What Are In-Vitro Diagnostic (IVD) Kits?

An in-vitro diagnostics kit is a device that consists of reagents or articles which are:

(i) from the same license holder
(ii) intended to be used in combination to complete a specific intended purpose
(iii) sold under a single proprietary Test Kit name and
(iv) compatible when used as a Test Kit

In-vitro Diagnostic reagents and kits are governed by Medical Devices Rules, 2017 under subclause (i) of clause (b) of section 3 of the Drugs and Cosmetics Act, 1940.Drugs Controller General of India (DCGI) is the regulatory authority that regulates the import of IVD kits/reagents in India under the Central Drugs Standard Control Organization (CDSCO).

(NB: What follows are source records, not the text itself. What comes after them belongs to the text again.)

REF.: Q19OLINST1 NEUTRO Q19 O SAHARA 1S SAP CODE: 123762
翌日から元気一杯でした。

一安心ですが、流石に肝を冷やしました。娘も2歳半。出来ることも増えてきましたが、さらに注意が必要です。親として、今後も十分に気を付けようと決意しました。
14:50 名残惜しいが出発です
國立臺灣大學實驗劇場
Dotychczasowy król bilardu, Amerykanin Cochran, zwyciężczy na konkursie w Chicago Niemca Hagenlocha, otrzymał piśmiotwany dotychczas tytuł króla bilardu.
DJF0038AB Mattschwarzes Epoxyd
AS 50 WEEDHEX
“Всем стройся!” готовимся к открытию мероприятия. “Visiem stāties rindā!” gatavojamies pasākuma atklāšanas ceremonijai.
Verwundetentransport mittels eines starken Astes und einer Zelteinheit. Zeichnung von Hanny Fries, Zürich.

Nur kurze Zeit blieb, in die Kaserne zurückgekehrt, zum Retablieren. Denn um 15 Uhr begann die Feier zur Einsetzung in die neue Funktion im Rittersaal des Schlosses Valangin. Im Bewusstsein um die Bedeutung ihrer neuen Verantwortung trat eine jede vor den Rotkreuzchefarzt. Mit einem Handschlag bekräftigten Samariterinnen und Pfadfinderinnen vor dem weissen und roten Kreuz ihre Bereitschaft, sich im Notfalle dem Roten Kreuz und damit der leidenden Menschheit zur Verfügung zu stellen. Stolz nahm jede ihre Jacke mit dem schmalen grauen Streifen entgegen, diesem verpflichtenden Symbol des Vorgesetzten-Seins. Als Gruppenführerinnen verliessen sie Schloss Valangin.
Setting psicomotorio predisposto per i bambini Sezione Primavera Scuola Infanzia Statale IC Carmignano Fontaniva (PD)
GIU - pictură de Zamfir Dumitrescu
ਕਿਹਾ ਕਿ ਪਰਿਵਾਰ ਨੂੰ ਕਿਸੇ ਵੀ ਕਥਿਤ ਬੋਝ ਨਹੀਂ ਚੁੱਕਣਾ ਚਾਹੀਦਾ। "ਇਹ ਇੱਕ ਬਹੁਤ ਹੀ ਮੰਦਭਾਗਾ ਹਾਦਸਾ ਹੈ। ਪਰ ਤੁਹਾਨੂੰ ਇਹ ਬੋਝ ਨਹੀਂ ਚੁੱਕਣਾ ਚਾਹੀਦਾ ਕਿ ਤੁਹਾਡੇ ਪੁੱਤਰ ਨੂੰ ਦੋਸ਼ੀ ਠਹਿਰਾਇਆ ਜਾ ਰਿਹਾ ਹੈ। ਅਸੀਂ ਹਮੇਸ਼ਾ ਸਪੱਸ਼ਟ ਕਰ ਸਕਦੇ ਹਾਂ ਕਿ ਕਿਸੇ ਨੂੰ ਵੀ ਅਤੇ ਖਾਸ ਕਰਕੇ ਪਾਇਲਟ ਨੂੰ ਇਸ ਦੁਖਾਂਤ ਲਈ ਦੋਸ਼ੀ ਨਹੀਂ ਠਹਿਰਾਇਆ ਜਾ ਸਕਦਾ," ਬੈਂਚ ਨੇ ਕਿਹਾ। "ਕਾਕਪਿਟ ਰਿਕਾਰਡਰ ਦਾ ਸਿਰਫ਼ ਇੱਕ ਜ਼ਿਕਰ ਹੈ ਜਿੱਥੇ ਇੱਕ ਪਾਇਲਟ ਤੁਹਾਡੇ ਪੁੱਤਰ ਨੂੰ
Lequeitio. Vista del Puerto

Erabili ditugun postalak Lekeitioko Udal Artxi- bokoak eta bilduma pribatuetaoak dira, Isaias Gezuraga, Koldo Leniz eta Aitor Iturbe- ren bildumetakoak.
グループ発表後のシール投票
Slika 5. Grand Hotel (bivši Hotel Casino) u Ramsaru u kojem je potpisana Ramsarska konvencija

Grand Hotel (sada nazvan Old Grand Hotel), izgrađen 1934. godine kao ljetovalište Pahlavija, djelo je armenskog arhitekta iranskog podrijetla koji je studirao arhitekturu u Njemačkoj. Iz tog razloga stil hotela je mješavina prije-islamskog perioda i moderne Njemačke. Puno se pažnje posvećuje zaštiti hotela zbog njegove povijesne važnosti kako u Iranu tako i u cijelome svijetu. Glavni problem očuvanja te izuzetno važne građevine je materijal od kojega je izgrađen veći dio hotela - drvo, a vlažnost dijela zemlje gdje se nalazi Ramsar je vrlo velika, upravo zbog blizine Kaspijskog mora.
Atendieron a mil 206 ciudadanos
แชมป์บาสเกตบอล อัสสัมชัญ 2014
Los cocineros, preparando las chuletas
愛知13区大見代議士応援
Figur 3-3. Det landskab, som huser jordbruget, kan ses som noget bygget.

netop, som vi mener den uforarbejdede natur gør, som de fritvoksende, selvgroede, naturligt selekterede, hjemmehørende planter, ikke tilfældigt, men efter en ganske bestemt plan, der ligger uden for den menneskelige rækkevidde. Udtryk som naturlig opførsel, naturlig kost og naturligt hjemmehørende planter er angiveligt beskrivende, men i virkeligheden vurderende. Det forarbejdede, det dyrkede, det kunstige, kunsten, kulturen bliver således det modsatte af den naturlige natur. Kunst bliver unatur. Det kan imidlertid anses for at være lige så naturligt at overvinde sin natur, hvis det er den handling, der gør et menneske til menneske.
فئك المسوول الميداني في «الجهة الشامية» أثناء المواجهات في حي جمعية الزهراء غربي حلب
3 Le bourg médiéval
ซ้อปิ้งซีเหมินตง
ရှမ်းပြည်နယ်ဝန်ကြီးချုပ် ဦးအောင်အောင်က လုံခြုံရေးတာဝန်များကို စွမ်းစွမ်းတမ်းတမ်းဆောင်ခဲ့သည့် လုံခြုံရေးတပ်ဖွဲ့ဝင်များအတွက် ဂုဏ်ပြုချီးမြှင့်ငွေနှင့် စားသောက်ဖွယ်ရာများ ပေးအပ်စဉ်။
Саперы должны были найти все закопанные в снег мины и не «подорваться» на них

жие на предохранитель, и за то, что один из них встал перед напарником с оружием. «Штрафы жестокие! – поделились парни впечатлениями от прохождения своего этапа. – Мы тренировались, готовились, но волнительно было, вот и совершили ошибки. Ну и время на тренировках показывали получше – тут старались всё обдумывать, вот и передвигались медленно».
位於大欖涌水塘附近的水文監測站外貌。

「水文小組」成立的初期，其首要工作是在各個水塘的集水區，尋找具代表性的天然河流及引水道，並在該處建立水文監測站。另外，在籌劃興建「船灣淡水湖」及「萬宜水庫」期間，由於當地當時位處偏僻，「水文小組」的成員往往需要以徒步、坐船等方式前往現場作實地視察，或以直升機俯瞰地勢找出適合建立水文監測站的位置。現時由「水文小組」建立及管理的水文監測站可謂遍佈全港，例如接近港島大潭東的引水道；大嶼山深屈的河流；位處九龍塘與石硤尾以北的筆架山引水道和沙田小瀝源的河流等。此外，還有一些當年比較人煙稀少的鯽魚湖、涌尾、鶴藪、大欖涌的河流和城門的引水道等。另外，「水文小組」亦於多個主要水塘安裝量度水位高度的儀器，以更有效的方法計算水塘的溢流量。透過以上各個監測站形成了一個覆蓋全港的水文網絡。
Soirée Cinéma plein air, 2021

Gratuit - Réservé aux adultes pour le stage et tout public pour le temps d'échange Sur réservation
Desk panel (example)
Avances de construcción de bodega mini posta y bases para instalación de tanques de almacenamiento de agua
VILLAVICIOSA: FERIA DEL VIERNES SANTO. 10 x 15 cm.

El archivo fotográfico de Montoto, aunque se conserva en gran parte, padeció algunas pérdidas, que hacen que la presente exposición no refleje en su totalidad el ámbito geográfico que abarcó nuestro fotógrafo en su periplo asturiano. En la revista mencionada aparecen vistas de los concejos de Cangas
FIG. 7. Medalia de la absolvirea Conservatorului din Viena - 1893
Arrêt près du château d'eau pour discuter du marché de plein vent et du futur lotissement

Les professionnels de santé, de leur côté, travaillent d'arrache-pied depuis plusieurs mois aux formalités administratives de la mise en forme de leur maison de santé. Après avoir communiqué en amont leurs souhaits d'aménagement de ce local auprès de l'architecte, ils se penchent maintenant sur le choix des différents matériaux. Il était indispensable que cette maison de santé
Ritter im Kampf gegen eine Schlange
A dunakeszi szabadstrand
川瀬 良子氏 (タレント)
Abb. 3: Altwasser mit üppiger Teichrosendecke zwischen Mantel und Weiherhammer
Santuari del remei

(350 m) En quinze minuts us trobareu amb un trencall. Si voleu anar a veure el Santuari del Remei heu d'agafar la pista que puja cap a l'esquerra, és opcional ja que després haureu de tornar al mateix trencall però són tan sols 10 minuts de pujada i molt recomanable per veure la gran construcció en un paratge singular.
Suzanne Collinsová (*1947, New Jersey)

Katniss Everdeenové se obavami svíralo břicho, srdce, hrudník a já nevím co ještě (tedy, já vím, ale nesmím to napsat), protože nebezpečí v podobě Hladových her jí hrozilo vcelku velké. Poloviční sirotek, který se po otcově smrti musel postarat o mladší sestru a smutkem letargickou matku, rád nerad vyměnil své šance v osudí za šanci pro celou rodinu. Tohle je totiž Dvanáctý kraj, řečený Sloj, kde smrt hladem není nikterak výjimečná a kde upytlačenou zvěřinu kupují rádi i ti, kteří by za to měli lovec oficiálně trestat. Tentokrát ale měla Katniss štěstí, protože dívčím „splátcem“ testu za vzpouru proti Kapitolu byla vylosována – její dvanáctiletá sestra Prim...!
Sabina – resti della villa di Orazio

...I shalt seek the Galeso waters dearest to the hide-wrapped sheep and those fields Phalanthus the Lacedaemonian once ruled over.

IVD’s medical devices are classified based on the risk involved by the Global Harmonization
Task Force, as shown in the table 1

CLASS RISK LEVELDEVICE EXAMPLE
ALow individual, Risk and low public health riskClinical chemistry analyzer, prepared selective culture media
BModerate individual risk and low public health riskVit B12, Pregnancy self-testing, anti-nuclear antibody, urine test strips
CHigh individual risk and moderate public health riskBlood glucose self-testing, HLA typing, PSA screening, rubella
DHigh individual risk and high public health riskHIV blood donor screening , HIV blood diagnostic
Table 1: Classification of IVD’s

Need to import licenses for In-Vitro Diagnostics kits

  • Fifth schedule and Chapter V of MDR 2017 provide details about the management of quality systems or in vitro diagnostic products, as well as requirements for reagents, equipment, and plants required for ensuring the safety and reliability of diagnostic products.
  • The import license documentation supports and intends to prevent the risks associated with medical device design, manufacture, and packaging.
  • Form MD-17 permits the importation of any in vitro diagnostic medical device for clinical investigations, tests, evaluations, demonstrations, and training.
  • The Central Licensing Authority evaluates the requisite documents and reports/documents provided by an applicant and ensures the safety of the patient before issuing the import license.
  • IVD kits/reagents that are in possession of valid import licenses may be imported from any notified port of India.
  • Under a valid import license, IVD kits can be stocked anywhere in the world other than where the import license specifies

According to the Drugs & Cosmetic Act & Rules, IVD kits/reagents for import are categorized as notified or non-notified and needs to be registered with the Indian Drug Regulatory Authority (i.e., the Central Drugs Standards Control Organization).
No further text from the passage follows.